このインスリンを犬の膵抽出物から発見したのは、カナダの外科医であるフレデリック バンティングとその助手で化学検査を行っていた学生のチャールズ ベストです。2人は1921年の夏に、重度の糖尿病の犬へこの抽出液を与えて70日間も生存させることに成功していました。この成果を論文として発表する準備をしていた頃、知人の医師エド ジェフリーを通じてトロント総合病院に入院していたトンプソン少年と出会います。

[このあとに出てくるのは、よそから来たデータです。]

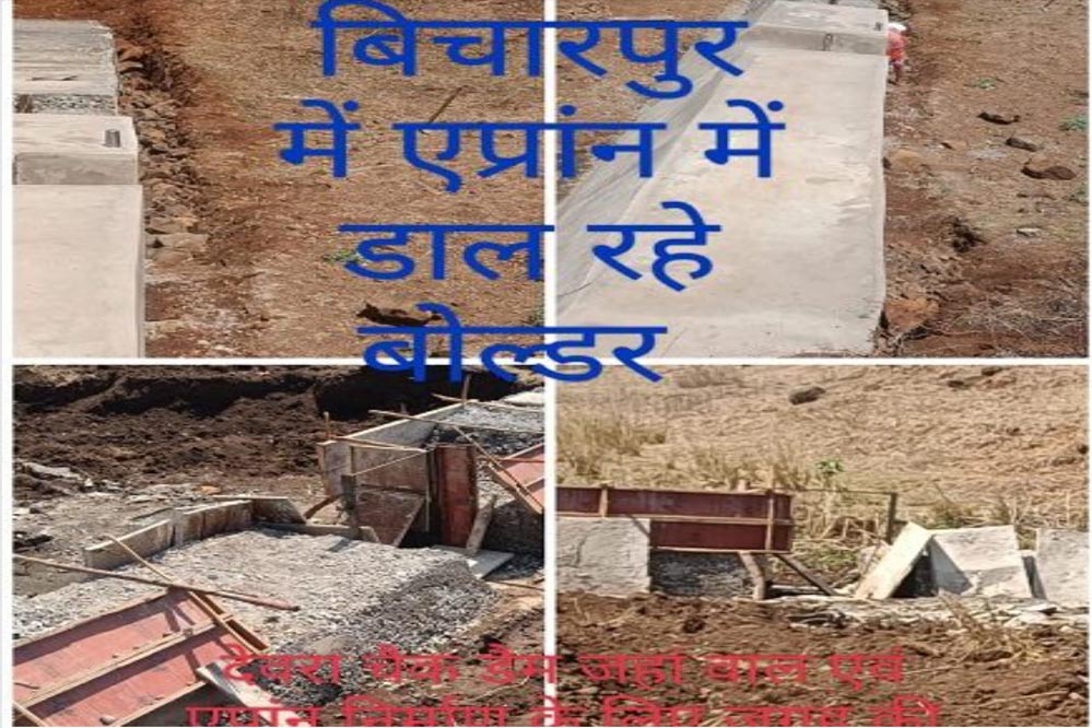 उपयंत्री संदीप शुक्ला एवं उनके चहेते ठेकेदार कर रहे गुणवत्ताहीन चैक डैम का निर्माण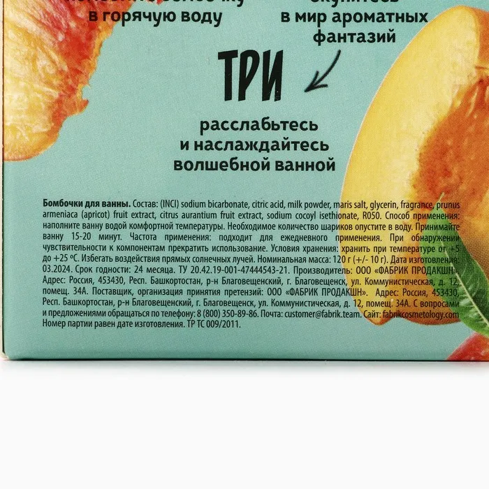 Бомбочка для ванны, 130 г, аромат персика, BEAUTY FOOD — Характеристики

それから間もなく1922年1月11日、トンプソン少年は成牛でつくった抽出液の注射を受けます。その注射部位は赤く腫れて一度は中止したのですが、一般病状の改善が見られたため1月23日から投与を再開しました。その後も改善は続き、食事も摂れるようになって体重も回復し、正常な生活をとり戻せるようになったのです。
こうして、インスリン抽出物は1921年の発見からわずか数カ月間で人への効果が確認され、トロント総合病院の他の患者さんにも投与が始まります。そして彼らも同じく、やせ衰えていた身体に初めて回復の望みをもつことができました。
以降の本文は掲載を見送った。